Your assignment: Here is a listing, set out below; repeat its lines from the one with "テイクアウトの1番人気は「ド" to the last, both included, and leave out the pictures.

Source data:

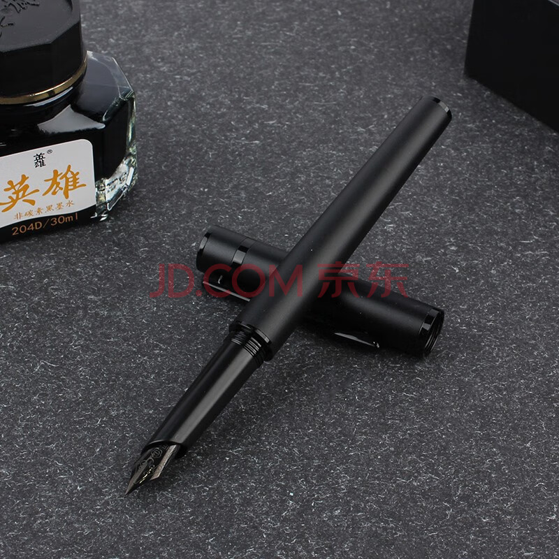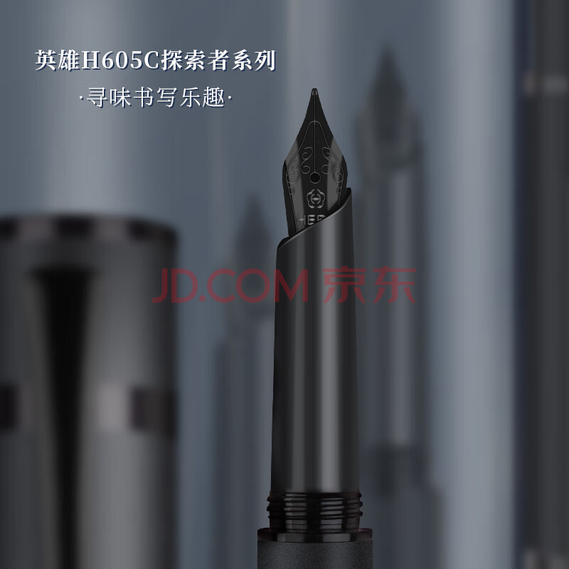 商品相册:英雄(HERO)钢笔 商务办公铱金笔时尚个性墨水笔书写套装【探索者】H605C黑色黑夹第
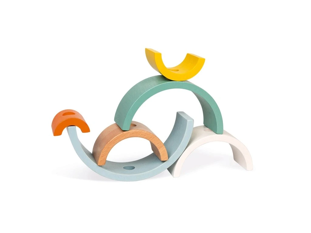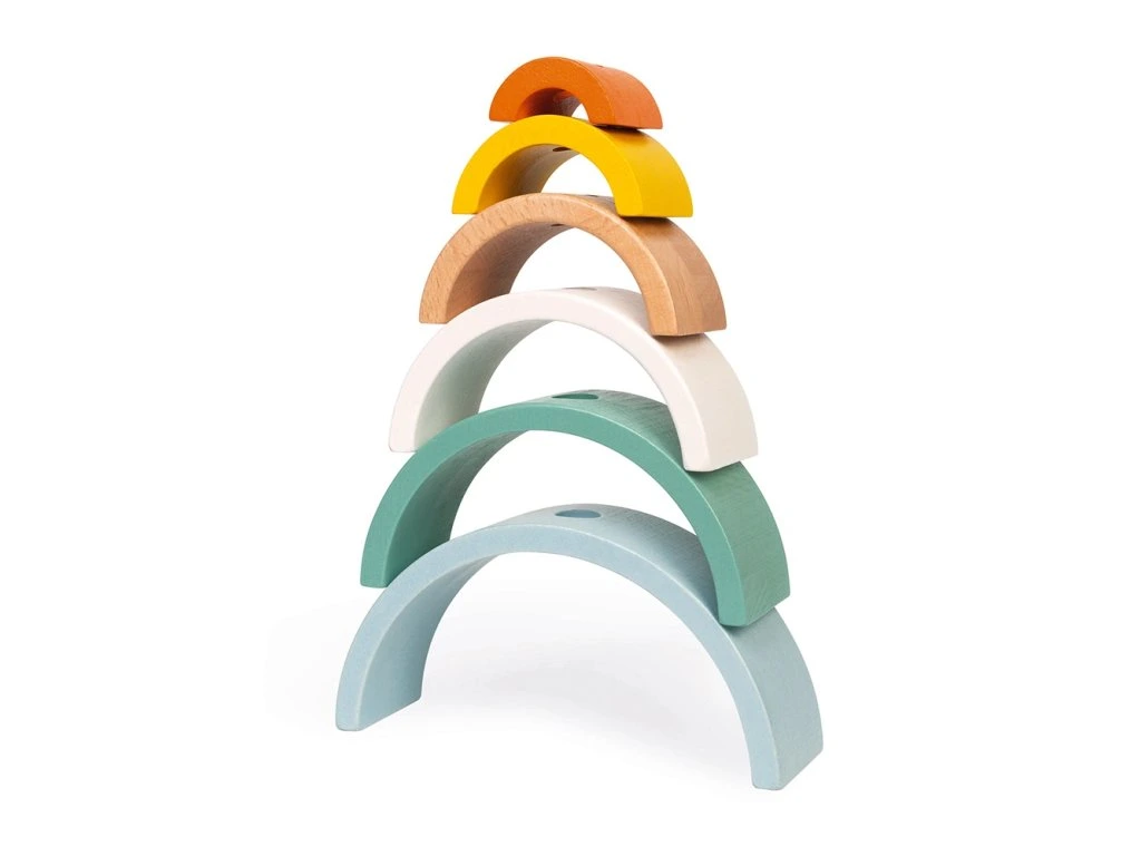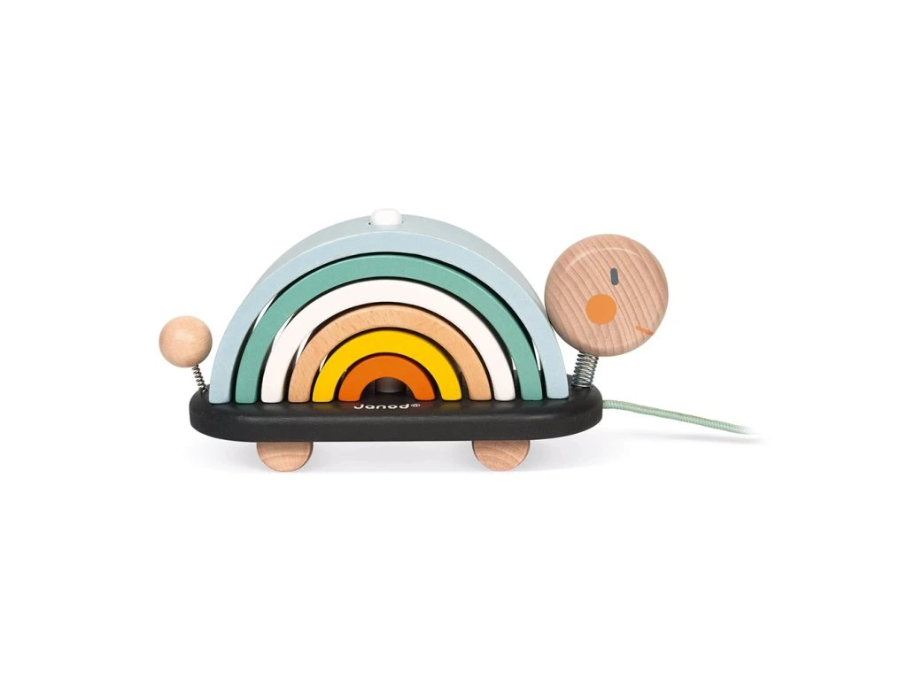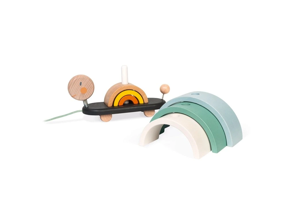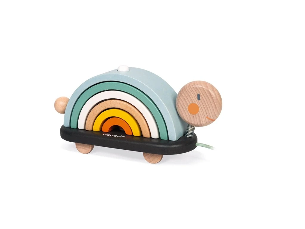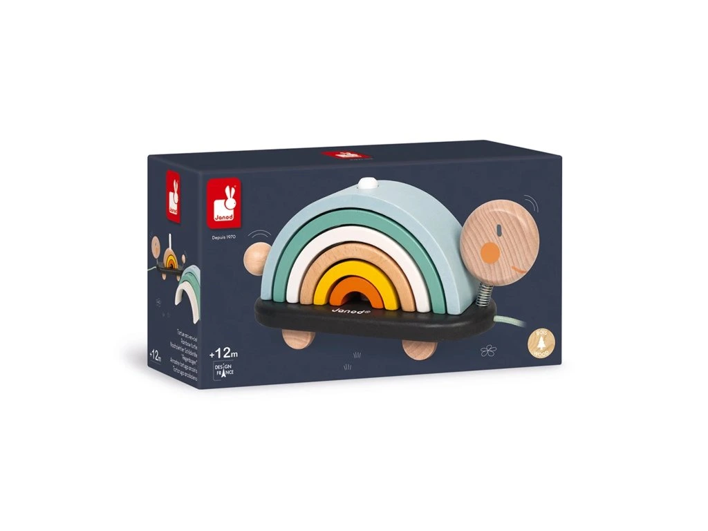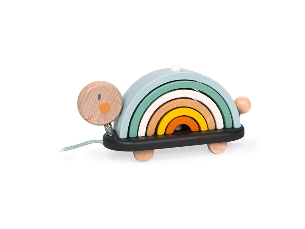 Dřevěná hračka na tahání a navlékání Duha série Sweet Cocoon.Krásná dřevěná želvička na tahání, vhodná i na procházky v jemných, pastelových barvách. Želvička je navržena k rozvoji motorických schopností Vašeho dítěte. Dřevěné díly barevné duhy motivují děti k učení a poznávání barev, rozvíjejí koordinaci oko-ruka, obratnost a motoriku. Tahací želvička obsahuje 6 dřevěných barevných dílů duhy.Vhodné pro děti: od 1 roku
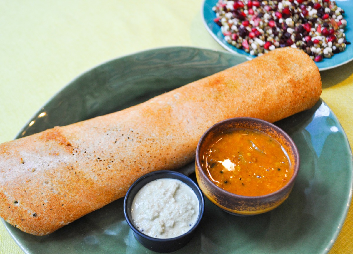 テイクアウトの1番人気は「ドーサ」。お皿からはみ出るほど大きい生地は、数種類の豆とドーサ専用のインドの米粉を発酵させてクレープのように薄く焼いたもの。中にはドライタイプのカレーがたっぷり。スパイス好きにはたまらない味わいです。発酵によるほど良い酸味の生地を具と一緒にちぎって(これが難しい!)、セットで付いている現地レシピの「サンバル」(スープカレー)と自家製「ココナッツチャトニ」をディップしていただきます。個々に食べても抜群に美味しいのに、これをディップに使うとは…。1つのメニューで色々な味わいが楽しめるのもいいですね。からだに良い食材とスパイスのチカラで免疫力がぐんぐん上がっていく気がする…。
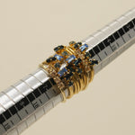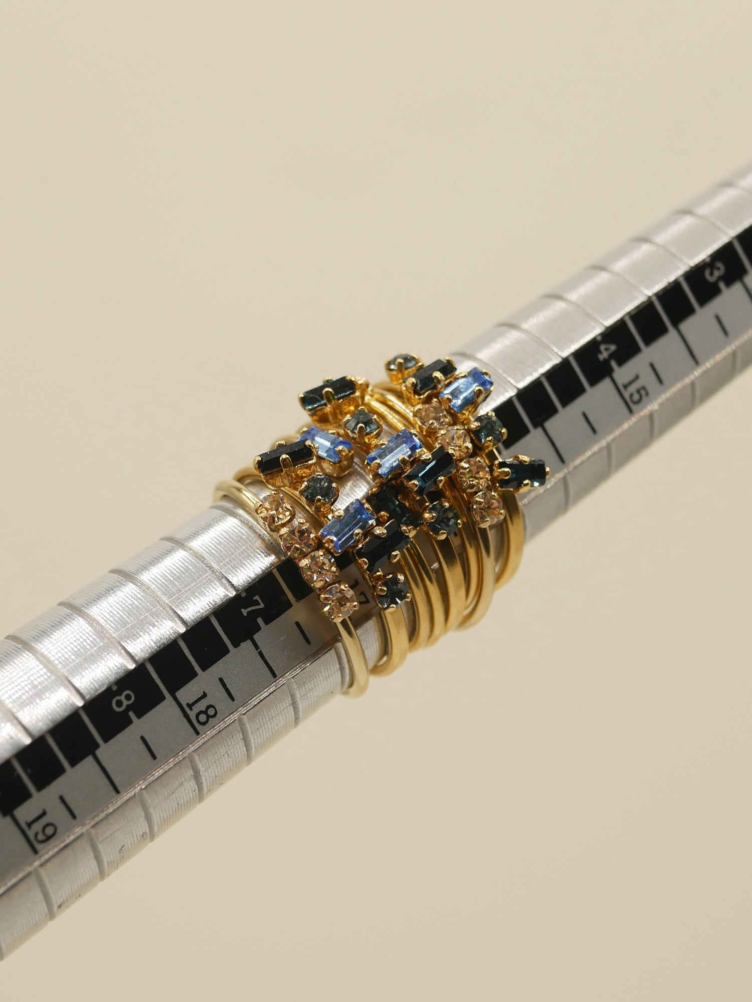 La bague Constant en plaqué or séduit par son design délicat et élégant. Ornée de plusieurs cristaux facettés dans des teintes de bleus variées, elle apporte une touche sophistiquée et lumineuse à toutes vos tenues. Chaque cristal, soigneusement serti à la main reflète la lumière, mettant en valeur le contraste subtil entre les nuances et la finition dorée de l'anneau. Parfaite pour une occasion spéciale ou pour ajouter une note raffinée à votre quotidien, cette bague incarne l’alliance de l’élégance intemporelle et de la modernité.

The completed task:
 テイクアウトの1番人気は「ドーサ」。お皿からはみ出るほど大きい生地は、数種類の豆とドーサ専用のインドの米粉を発酵させてクレープのように薄く焼いたもの。中にはドライタイプのカレーがたっぷり。スパイス好きにはたまらない味わいです。発酵によるほど良い酸味の生地を具と一緒にちぎって(これが難しい!)、セットで付いている現地レシピの「サンバル」(スープカレー)と自家製「ココナッツチャトニ」をディップしていただきます。個々に食べても抜群に美味しいのに、これをディップに使うとは…。1つのメニューで色々な味わいが楽しめるのもいいですね。からだに良い食材とスパイスのチカラで免疫力がぐんぐん上がっていく気がする…。
 La bague Constant en plaqué or séduit par son design délicat et élégant. Ornée de plusieurs cristaux facettés dans des teintes de bleus variées, elle apporte une touche sophistiquée et lumineuse à toutes vos tenues. Chaque cristal, soigneusement serti à la main reflète la lumière, mettant en valeur le contraste subtil entre les nuances et la finition dorée de l'anneau. Parfaite pour une occasion spéciale ou pour ajouter une note raffinée à votre quotidien, cette bague incarne l’alliance de l’élégance intemporelle et de la modernité.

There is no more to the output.